The new interpreter takes 0.9s on my system while the current one takes 25.2s. Which, again, is meaningless, but now you have a number.

Note that the optimization level the example is built with does not affect the performance of the constant expression interpreter or the generated bytecode. How fast the interpreter does its job is only affected by the optimizations that were applied when building the host compiler. For the numbers above, I've used the same unoptimized debug builds of Clang.

Testing and current status

You can test the new interpreter by compiling any example program with -fexperimental-new-constant-interpreter, for example, here on Godbolt.

Because both interpreters coexist in the Clang code base at the moment, it's rather easy to write test cases that exercise new functionality in the new interpreter and pass -fexperimental-new-constant-interpreter. And that is what all the test cases in clang/test/AST/Interp/ do. As an additional precaution, they also compare the results with those of the current interpreter.

However, I have increasingly started to enable the new interpreter in existing test cases in clang/test/SemaCXX. Going forward, I hope to do that more and get lots of testing from existing test cases for free.

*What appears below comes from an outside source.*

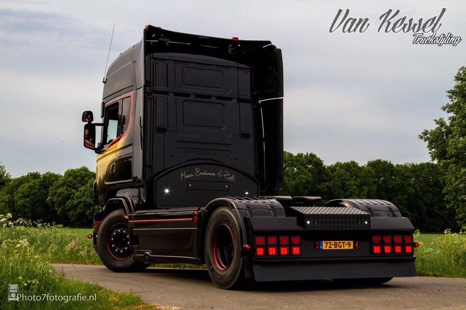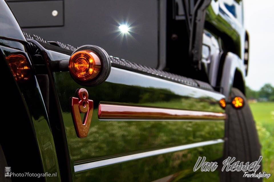 De R500 is niet nieuw, want dit type is er niet meer maar hij is wel 'zo goed als nieuw'. De trekker werd gevonden in Duitsland en met de lage kilometerstand heeft deze dikke R500 nog een heel leven voor zich. Gerrit liet de truck aanpakken door Van Kessel Truckstyling en het resultaat mag er wezen. Opvallend is dat hij dichtbij de originele 'Brolsma Style' gebleven is zoals we die kennen van de Volvo van Hans. Toch heeft Gerrit zijn eigen draai aan de truck weten te geven. Mooie spullen Gerrit! En nu aan de bak met die auto! Foto's: Photo7fotografie.nl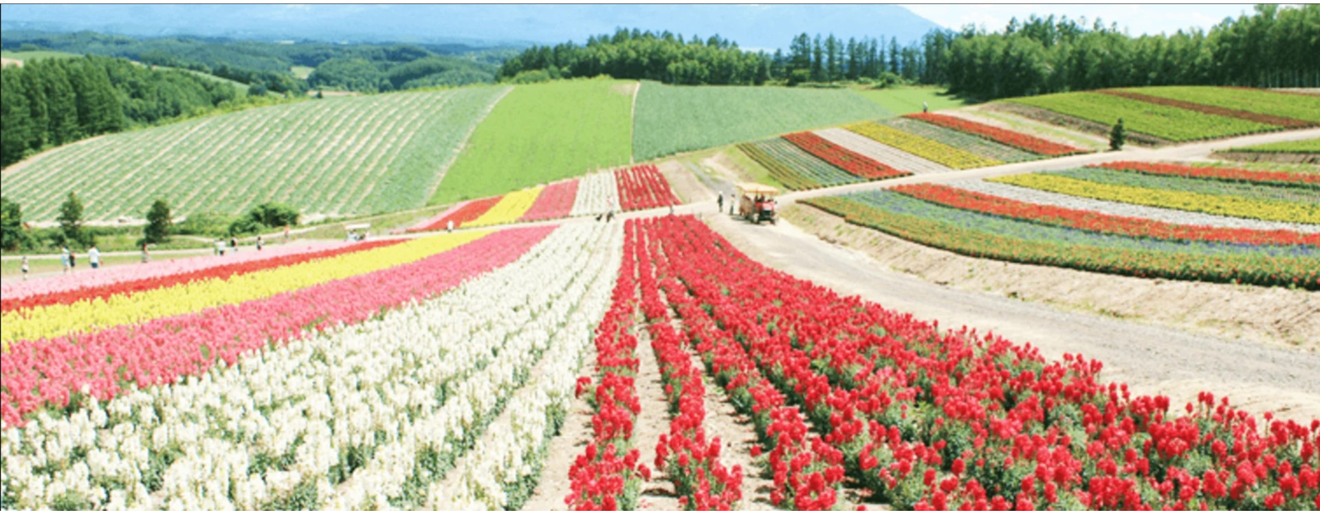 四季彩の丘は、7ヘクタールの花畑が春から冬にかけて30種類の花々で彩られることから、観光地としても大変人気があります。 素晴らしい重複メッセージ。 5月になると、チューリップ、ルピナス、金星草、ポピーなど春の花々が咲き乱れ、世界中から訪れる人々を「うっとり」させます。

As for the current status, there is no public checklist, but again, you can check what works using a recent Clang build and -fexperimental-new-constant-interpreter. However, I have around 20 local commits at any point in time, and those are just waiting to be reviewed and pushed.

In terms of implemented or missing features, the new interpreter is currently a mixed bag. It can use struct and class types with multiple base types, but cannot perform a simple integer increment via the ++ operator. It can do while, do-while and for loops, but it doesn't understand any floating-point values. Multi-dimensional arrays work, but simple bit shift operations do not. And then, there are all the FIXME comments in the newly added tests.

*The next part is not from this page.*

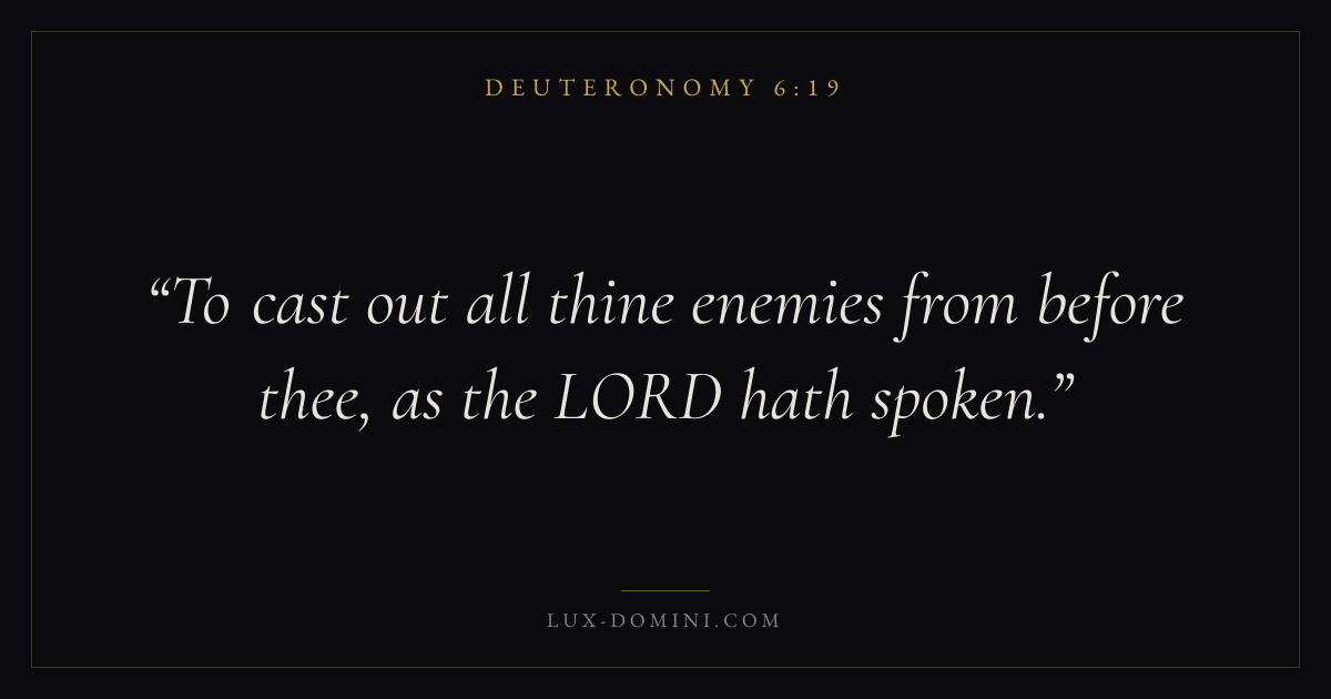 Books / Deuteronomy / Chapter 6 / Verse 19 ← Deuteronomy 6:18 Deuteronomy 6:19 Deuteronomy 6:20 → To cast out all thine enemies from before thee, as the LORD hath spoken. Download verse card Share on Twitter Share on Facebook Pin it ✦ Key themes LoveMemoryCovenantLove of God Read with Deuteronomy 6:17Deuteronomy 6:18John 3:161 Corinthians 13:4 Related topics Bible verses about love ✦ Deuteronomy Chapter 6 verses V. 1 V. 2 V. 3 V. 4 V. 5 V. 6 V. 7 V. 8 V. 9 V. 10 V. 11 V. 12 V. 13 V. 14 V. 15 V. 16 V. 17 V. 18 V. 19 V. 20 V. 21 V. 22 V. 23 V. 24 V. 25

So, lots of work and interesting things ahead!

Acknowledgments

I'd like to thank all the usual reviewers that criticize and improve my patches: Aaron Ballman, Erich Keane, Tom Honermann and Shafik Yaghmour. All the feedback I've received on the "Introduce support for floating-point numbers" has been incredibly valuable, so thanks to all the floating-point specialists, especially Serge Pavlov.

And, of course, I would've never started to look into this if Nandor Licker hadn't laid all the excellent groundwork.